EXERCISE INSTRUCTIONS »
Here is a set of records. Copy them all exactly.

GIVEN INFORMATION »
<<<<

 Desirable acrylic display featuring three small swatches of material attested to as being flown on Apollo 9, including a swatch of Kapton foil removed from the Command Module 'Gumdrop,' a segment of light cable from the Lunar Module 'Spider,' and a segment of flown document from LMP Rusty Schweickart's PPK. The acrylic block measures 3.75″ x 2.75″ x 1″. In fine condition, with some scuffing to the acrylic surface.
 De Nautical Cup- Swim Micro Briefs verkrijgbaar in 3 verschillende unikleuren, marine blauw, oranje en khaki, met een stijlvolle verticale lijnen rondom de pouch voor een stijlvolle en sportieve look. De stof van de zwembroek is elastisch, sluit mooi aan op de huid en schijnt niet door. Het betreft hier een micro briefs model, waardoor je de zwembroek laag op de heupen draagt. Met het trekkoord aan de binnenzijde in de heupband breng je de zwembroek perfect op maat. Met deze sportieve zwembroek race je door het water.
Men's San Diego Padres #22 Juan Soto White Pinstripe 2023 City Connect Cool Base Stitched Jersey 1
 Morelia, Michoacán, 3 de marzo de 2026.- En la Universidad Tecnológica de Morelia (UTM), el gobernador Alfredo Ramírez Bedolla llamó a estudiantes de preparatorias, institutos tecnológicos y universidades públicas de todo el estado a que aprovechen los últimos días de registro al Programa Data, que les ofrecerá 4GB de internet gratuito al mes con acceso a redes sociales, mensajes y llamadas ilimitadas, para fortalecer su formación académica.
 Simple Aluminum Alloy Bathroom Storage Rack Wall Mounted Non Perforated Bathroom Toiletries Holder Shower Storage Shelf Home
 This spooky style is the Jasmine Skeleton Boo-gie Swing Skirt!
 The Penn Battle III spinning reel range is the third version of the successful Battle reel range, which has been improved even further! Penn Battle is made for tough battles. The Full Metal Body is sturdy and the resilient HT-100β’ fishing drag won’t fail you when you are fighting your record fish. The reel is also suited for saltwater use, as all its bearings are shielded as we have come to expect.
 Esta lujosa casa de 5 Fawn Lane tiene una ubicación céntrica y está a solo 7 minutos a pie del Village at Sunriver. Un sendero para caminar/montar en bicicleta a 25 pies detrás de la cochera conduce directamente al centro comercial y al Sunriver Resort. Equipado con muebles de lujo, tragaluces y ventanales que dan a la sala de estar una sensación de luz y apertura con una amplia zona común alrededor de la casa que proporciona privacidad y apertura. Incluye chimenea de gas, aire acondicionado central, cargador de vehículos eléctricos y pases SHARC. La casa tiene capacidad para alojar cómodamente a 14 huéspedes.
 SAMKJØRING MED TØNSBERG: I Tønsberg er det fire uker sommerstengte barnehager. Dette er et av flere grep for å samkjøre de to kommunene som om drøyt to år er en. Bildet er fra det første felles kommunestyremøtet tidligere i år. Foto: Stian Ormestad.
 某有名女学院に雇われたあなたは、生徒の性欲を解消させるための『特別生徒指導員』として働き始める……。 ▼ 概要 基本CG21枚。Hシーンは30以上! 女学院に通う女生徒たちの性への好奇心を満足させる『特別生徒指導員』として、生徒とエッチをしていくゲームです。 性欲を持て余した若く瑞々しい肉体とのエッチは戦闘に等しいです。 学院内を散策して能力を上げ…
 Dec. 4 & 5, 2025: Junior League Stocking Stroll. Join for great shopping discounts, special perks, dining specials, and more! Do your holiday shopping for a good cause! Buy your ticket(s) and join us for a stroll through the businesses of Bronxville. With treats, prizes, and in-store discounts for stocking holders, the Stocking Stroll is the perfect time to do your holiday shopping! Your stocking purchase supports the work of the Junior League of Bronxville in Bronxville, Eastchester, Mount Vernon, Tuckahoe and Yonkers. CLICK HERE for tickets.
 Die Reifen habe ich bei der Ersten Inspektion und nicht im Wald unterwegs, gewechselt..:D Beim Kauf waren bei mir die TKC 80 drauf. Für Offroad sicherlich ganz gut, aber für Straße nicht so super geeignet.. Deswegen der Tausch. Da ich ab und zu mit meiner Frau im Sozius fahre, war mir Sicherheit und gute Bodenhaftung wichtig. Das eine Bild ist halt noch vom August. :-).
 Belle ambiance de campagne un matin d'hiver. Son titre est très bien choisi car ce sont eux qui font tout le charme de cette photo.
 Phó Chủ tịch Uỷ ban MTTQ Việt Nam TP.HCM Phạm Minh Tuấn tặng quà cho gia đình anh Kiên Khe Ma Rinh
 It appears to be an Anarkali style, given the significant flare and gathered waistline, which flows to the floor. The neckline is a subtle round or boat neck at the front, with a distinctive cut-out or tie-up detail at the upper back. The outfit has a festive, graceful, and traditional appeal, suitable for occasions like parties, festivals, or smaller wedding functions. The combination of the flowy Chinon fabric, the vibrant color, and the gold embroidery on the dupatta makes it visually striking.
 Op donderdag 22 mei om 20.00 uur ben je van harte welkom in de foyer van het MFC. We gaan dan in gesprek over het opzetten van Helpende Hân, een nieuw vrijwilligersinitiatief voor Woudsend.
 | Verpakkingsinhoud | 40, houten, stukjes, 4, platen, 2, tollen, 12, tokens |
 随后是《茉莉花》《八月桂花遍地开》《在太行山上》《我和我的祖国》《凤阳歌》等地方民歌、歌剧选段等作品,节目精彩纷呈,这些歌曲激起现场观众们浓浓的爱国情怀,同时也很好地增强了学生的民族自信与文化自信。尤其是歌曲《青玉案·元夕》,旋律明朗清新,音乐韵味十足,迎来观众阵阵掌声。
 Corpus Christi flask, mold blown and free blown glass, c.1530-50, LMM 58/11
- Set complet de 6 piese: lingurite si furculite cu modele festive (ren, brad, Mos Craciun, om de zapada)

>>>>

EXERCISE OUTPUT »
 Desirable acrylic display featuring three small swatches of material attested to as being flown on Apollo 9, including a swatch of Kapton foil removed from the Command Module 'Gumdrop,' a segment of light cable from the Lunar Module 'Spider,' and a segment of flown document from LMP Rusty Schweickart's PPK. The acrylic block measures 3.75″ x 2.75″ x 1″. In fine condition, with some scuffing to the acrylic surface.
 De Nautical Cup- Swim Micro Briefs verkrijgbaar in 3 verschillende unikleuren, marine blauw, oranje en khaki, met een stijlvolle verticale lijnen rondom de pouch voor een stijlvolle en sportieve look. De stof van de zwembroek is elastisch, sluit mooi aan op de huid en schijnt niet door. Het betreft hier een micro briefs model, waardoor je de zwembroek laag op de heupen draagt. Met het trekkoord aan de binnenzijde in de heupband breng je de zwembroek perfect op maat. Met deze sportieve zwembroek race je door het water.
Men's San Diego Padres #22 Juan Soto White Pinstripe 2023 City Connect Cool Base Stitched Jersey 1
 Morelia, Michoacán, 3 de marzo de 2026.- En la Universidad Tecnológica de Morelia (UTM), el gobernador Alfredo Ramírez Bedolla llamó a estudiantes de preparatorias, institutos tecnológicos y universidades públicas de todo el estado a que aprovechen los últimos días de registro al Programa Data, que les ofrecerá 4GB de internet gratuito al mes con acceso a redes sociales, mensajes y llamadas ilimitadas, para fortalecer su formación académica.
 Simple Aluminum Alloy Bathroom Storage Rack Wall Mounted Non Perforated Bathroom Toiletries Holder Shower Storage Shelf Home
 This spooky style is the Jasmine Skeleton Boo-gie Swing Skirt!
 The Penn Battle III spinning reel range is the third version of the successful Battle reel range, which has been improved even further! Penn Battle is made for tough battles. The Full Metal Body is sturdy and the resilient HT-100β’ fishing drag won’t fail you when you are fighting your record fish. The reel is also suited for saltwater use, as all its bearings are shielded as we have come to expect.
 Esta lujosa casa de 5 Fawn Lane tiene una ubicación céntrica y está a solo 7 minutos a pie del Village at Sunriver. Un sendero para caminar/montar en bicicleta a 25 pies detrás de la cochera conduce directamente al centro comercial y al Sunriver Resort. Equipado con muebles de lujo, tragaluces y ventanales que dan a la sala de estar una sensación de luz y apertura con una amplia zona común alrededor de la casa que proporciona privacidad y apertura. Incluye chimenea de gas, aire acondicionado central, cargador de vehículos eléctricos y pases SHARC. La casa tiene capacidad para alojar cómodamente a 14 huéspedes.
 SAMKJØRING MED TØNSBERG: I Tønsberg er det fire uker sommerstengte barnehager. Dette er et av flere grep for å samkjøre de to kommunene som om drøyt to år er en. Bildet er fra det første felles kommunestyremøtet tidligere i år. Foto: Stian Ormestad.
 某有名女学院に雇われたあなたは、生徒の性欲を解消させるための『特別生徒指導員』として働き始める……。 ▼ 概要 基本CG21枚。Hシーンは30以上! 女学院に通う女生徒たちの性への好奇心を満足させる『特別生徒指導員』として、生徒とエッチをしていくゲームです。 性欲を持て余した若く瑞々しい肉体とのエッチは戦闘に等しいです。 学院内を散策して能力を上げ…
 Dec. 4 & 5, 2025: Junior League Stocking Stroll. Join for great shopping discounts, special perks, dining specials, and more! Do your holiday shopping for a good cause! Buy your ticket(s) and join us for a stroll through the businesses of Bronxville. With treats, prizes, and in-store discounts for stocking holders, the Stocking Stroll is the perfect time to do your holiday shopping! Your stocking purchase supports the work of the Junior League of Bronxville in Bronxville, Eastchester, Mount Vernon, Tuckahoe and Yonkers. CLICK HERE for tickets.
 Die Reifen habe ich bei der Ersten Inspektion und nicht im Wald unterwegs, gewechselt..:D Beim Kauf waren bei mir die TKC 80 drauf. Für Offroad sicherlich ganz gut, aber für Straße nicht so super geeignet.. Deswegen der Tausch. Da ich ab und zu mit meiner Frau im Sozius fahre, war mir Sicherheit und gute Bodenhaftung wichtig. Das eine Bild ist halt noch vom August. :-).
 Belle ambiance de campagne un matin d'hiver. Son titre est très bien choisi car ce sont eux qui font tout le charme de cette photo.
 Phó Chủ tịch Uỷ ban MTTQ Việt Nam TP.HCM Phạm Minh Tuấn tặng quà cho gia đình anh Kiên Khe Ma Rinh
 It appears to be an Anarkali style, given the significant flare and gathered waistline, which flows to the floor. The neckline is a subtle round or boat neck at the front, with a distinctive cut-out or tie-up detail at the upper back. The outfit has a festive, graceful, and traditional appeal, suitable for occasions like parties, festivals, or smaller wedding functions. The combination of the flowy Chinon fabric, the vibrant color, and the gold embroidery on the dupatta makes it visually striking.
 Op donderdag 22 mei om 20.00 uur ben je van harte welkom in de foyer van het MFC. We gaan dan in gesprek over het opzetten van Helpende Hân, een nieuw vrijwilligersinitiatief voor Woudsend.
 | Verpakkingsinhoud | 40, houten, stukjes, 4, platen, 2, tollen, 12, tokens |
 随后是《茉莉花》《八月桂花遍地开》《在太行山上》《我和我的祖国》《凤阳歌》等地方民歌、歌剧选段等作品,节目精彩纷呈,这些歌曲激起现场观众们浓浓的爱国情怀,同时也很好地增强了学生的民族自信与文化自信。尤其是歌曲《青玉案·元夕》,旋律明朗清新,音乐韵味十足,迎来观众阵阵掌声。
 Corpus Christi flask, mold blown and free blown glass, c.1530-50, LMM 58/11
- Set complet de 6 piese: lingurite si furculite cu modele festive (ren, brad, Mos Craciun, om de zapada)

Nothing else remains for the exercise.